Design of advanced porous silver powder with high-sintering activity to improve silicon solar cells

Silver (Ag) paste is widely used in semiconductor metallization, especially in silicon solar cells. Ag powder is the material with the highest proportion in Ag paste. The morphology and structure of Ag powder are crucial which determine its characteristics, especially for the sintering activity. In this work, a simple method was developed to synthesize a type of microcrystalline spherical Ag particles (SP-A) with internal pores and the structural changes and sintering behavior were thoroughly studied by combining ultra-small-angle X-ray scattering (USAXS), small-angle X-ray scattering (SAXS), in-situ heating X-ray diffraction (XRD), focused ion beam (FIB), and thermal analysis measurement. Due to the unique internal pores, the grain size of SP-A is smaller, and the coefficient of thermal expansion (CTE) is higher than that of traditional solid Ag particles. As a result, the sintering activity of SP-A is excellent, which can form a denser sintered body and form silver nanoparticles at the Ag-Si interface to improve silver silicon contact.

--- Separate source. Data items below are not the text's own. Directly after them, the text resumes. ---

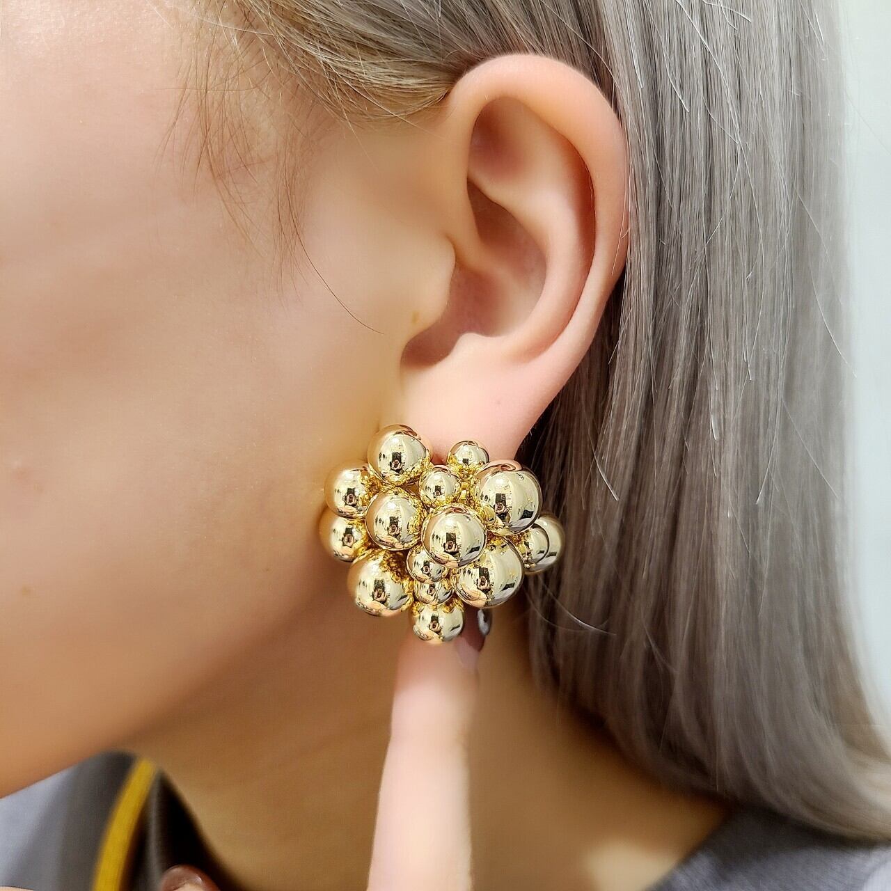 メタルボールをふんだんに使用したボリュームのあるピアス。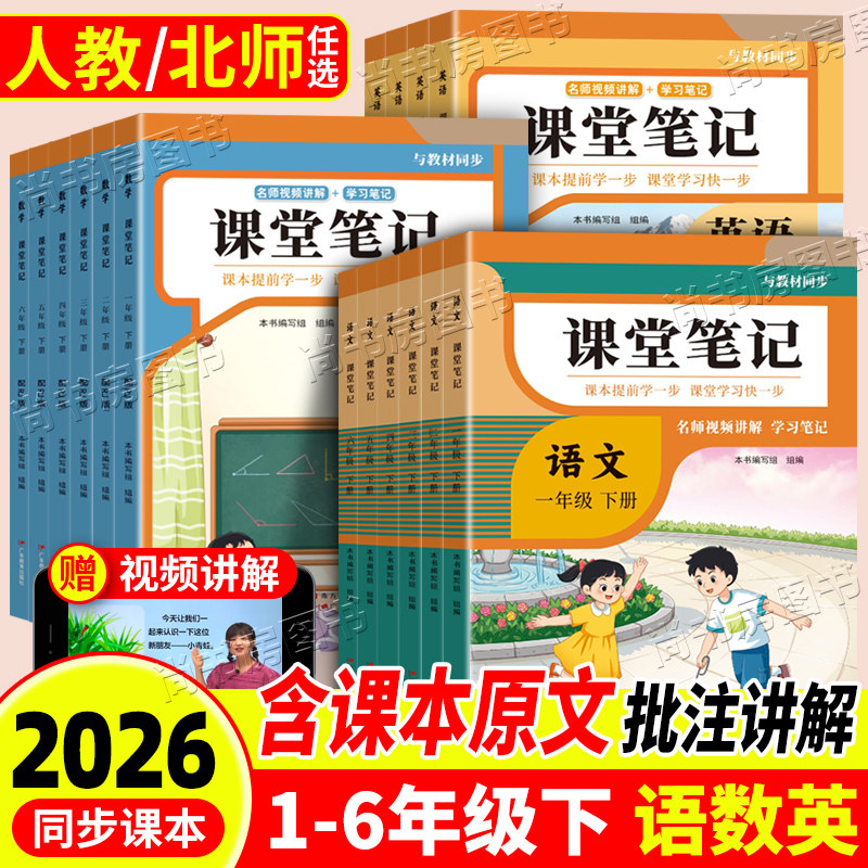📚 2026年春新版课堂笔记一二三四五六年级下册人教版语文数学英语课本同步辅导预习资料 小学生教材随堂笔记语数外全套复习资料全解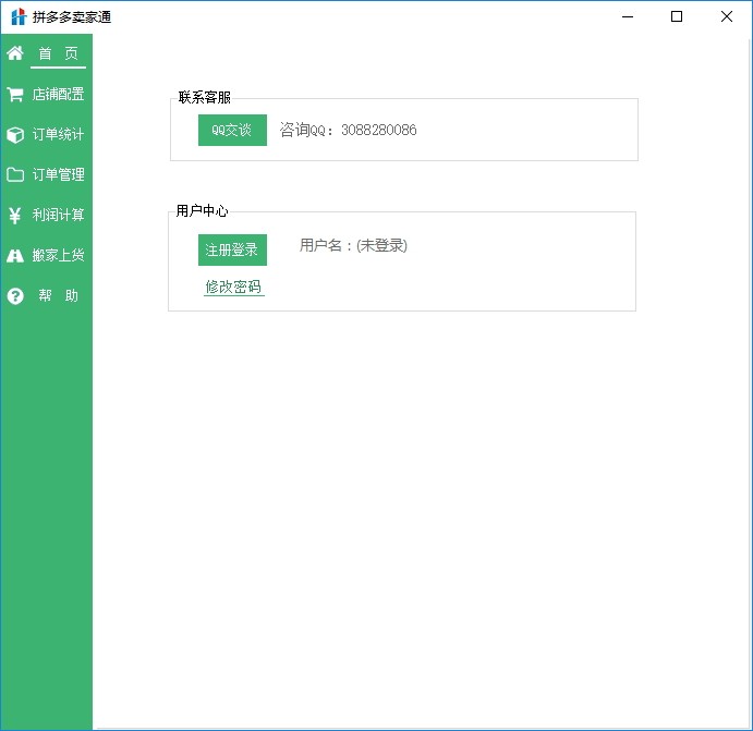 拼多多卖家通一款功能丰富、专业实用的拼多多商家必备辅助工具,内置有店铺配置、订单统计、订单管理、利润计算、搬家上货等功能操作模块,主要用于拼多多各种数据查询、分析和前台后台管理,可以帮助用户有效提高店铺推广效率、增加商品销量;拼多多卖家通支持商品数据实时查看、商品一键搬家上架,商品成本和利润计算等多种功能,是一款功能非常强大、简单易用的拼多多店铺商品推广和管理软件,使用这款软件用户可以快速便捷的统计各种商品订单,分析商品关键词搜索规则以及访客流量趋势,可以帮助用户有针对性的进行转化率走向优化,提高商品销量和店铺收益。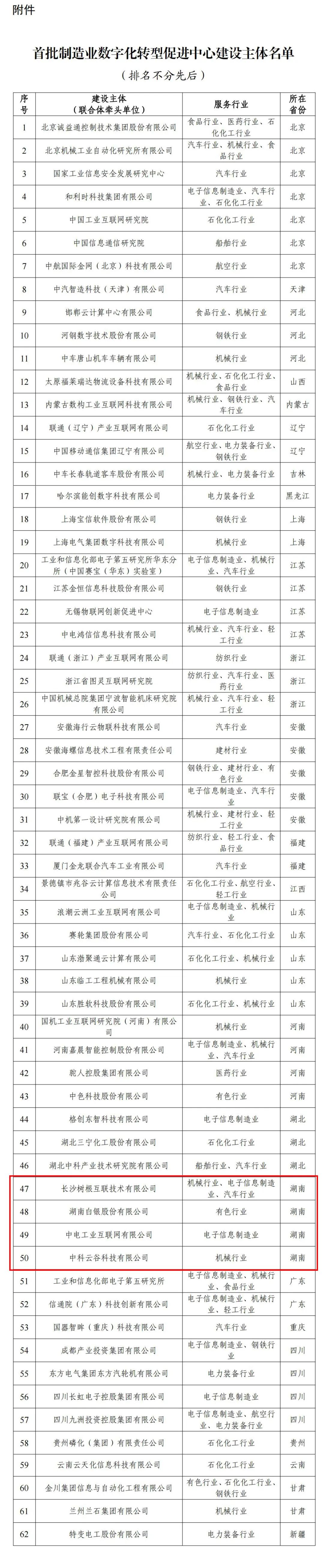 華聲在線10月13日訊(全媒體記者 謝卓芳)近日,工業和信息化部正式公布首批制造業數字化轉型促進中心建設主體名單。全國共有62家單位入選,其中湖南的長沙樹根互聯技術有限公司、湖南白銀股份有限公司、中電工業互聯網有限公司、中科云谷科技有限公司等4家單位成功躋身首批國家隊,數量位居全國前列。

Polycrystalline silicon solar cell built with SP-A obtained a low series resistance (Rs) and a high photoelectric conversion efficiency (PCE) of 19.26%. These fill a gap in Ag particle structure research, which is significant for the development of high-performance electronic Ag particles and efficient semiconductor devices.

Automated summary

A simple method was developed to synthesize microcrystalline spherical silver particles with internal pores, and their excellent sintering activity and ability to improve silver-silicon contact were found. These particles showed a low series resistance and high photoelectric conversion efficiency in solar cells.